Loon Watch

Each year, Bridge Lake is home to families of ‘gavia immer’, the common loon. There is nothing quite as evocative of the spirit of the northern lakes as the call of the loon.

Loon on nest, Bridge Lake 2010

The survival of loons has always been tenuous. Typically only two eggs are laid in a nest that is vulnerable to natural predators (dogs, fox, mink, gulls, eagles ...) and wave action (storms, motor boats ...). Chicks that successfully hatch from the eggs often fall victim to predators or their own aggressive siblings. Loss of suitable shoreline habitat adds to the challenge for nesting pairs.

We are encouraging all users of our lakes to boat responsibly and protect the shoreline. To learn how you can help to protect our loons read the following short information sheet: Loon Friendly Lakes or go to the beautiful web site of the Michigan Loon Preservation Association

The Canadian Lakes Loon Survey began in Ontario in 1981. The intent is to track trends in loon populations and learn more about human impact on those populations.
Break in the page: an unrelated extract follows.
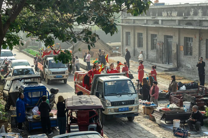孟泉村鼓舞队进入大南坡村,摄影:马晓明、林希萌

Over 1000 volunteers across Canada contribute to the survey database by filing reports once a month over the summer indicating the number of loons on the lake, the number of breeding pairs, the number of successful hatchings and the number of surviving young. Since 2009, volunteers are conducting the survey on Bridge Lake.

In 2022 the lake produced 8 loon chicks of which 6 survived; this is down from last year's record-breaking number of 11. The maximum number of observed adults was slightly lower than last year's, but the number of mated pairs was up by 2. Of the three man-made loon platforms on the lake, the one in Centennial Bay was successfully used again and it produced one chick this time.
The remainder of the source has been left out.